Petit cinéma, grand cinéma
Ofer Cohen ne numérise pas seulement les films de particuliers. Pour le documentaire sur Heinrich Himmler „Der Anständige“ (http://www.welt.de/kultur/kino/article124688935/Der-Himmler-Film-den-das-Fernsehen-nicht-wollte.html et http://www.youtube.com/watch?v=wiFo05Y-ZAD de Vanessa Lapa, Ofer a numérisé quatre heures de films provenant de particuliers et d’archives officielles. „Sur ces quatre heures, environ cinq minutes ont été utilisées, c’est souvent le cas dans le monde du cinéma“ dit-il, philosophe. Le documentaire est basé sur des films et sur des lettres échangées entre Himmler et sa femme Marga.
Ofer est aussi enthousiaste quand il numérise des petits films familiaux que des films de plus grande portée. „Pour moi, c’est toujours le même bonheur quand je montre les films numérisés à quelqu’un et que je vois son émotion et ses yeux qui pétillent de joie, que le film soit projeté sur grand écran ou regardé sur un ordinateur dans le cercle privé“. Danny approuve : „Je ne pouvais pas reconnaître les visages des membres de ma famille sur les anciennes bandes, car ils étaient trop flous“ dit-il.

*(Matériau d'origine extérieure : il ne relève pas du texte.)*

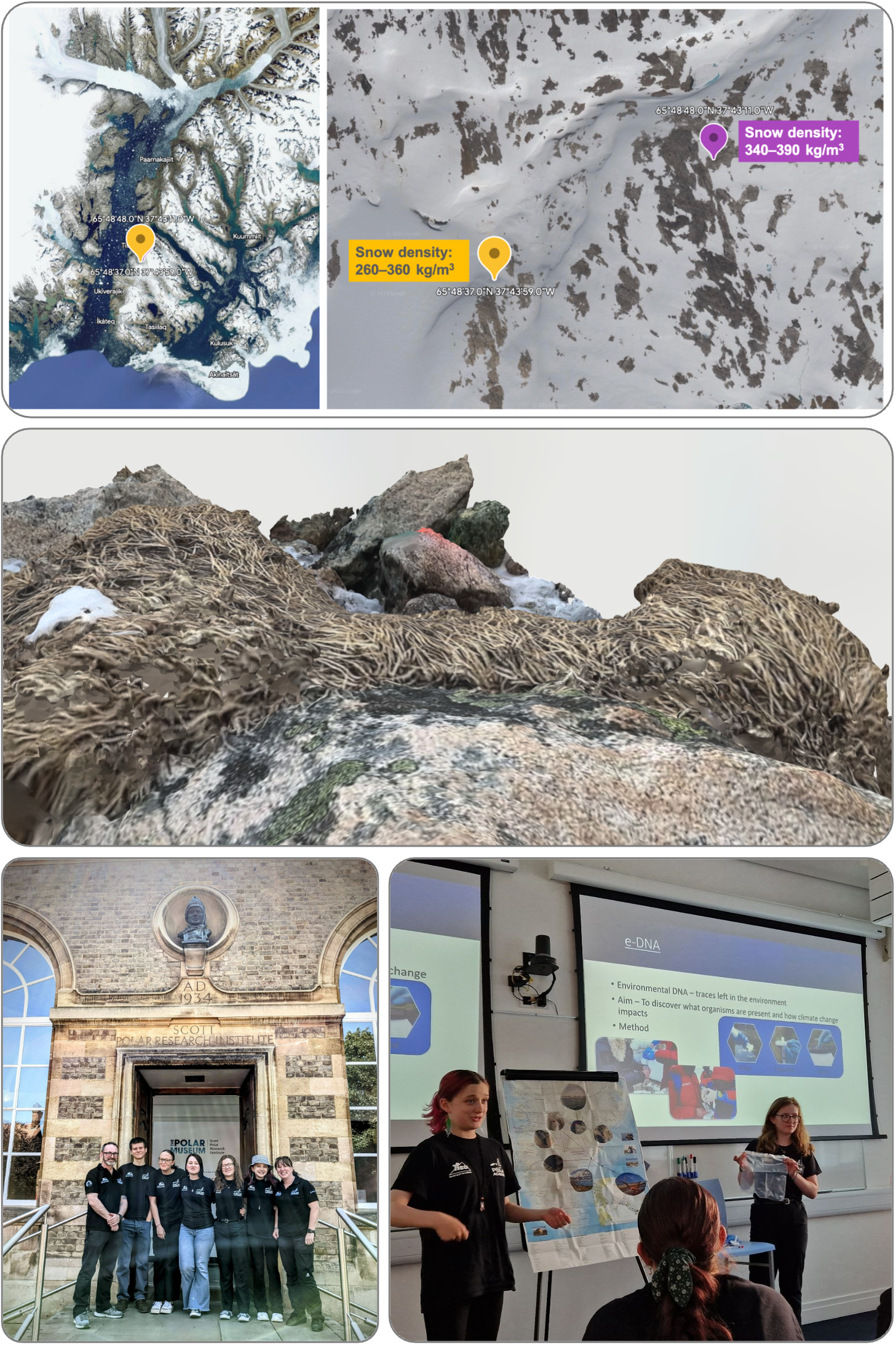 Successful pilot studies in East Greenland: We piloted snow density and eDNA sampling in remote regions near Tasiilaq, identifying specific methodological challenges for Arctic fieldwork.

Pendant ce temps, l’oeil avisé d’Ofer a remarqué quelque chose et il appuie sur „pause“. L’image fixe montre un parent de Danny. „Incroyable comme vous vous ressemblez“ dit Ofer en regardant alternativement l’image et Danny. Et c’est ainsi que se referme ce petit cercle „génétique“ et que se termine un projet qui sera du plus haut intérêt pour les générations futures.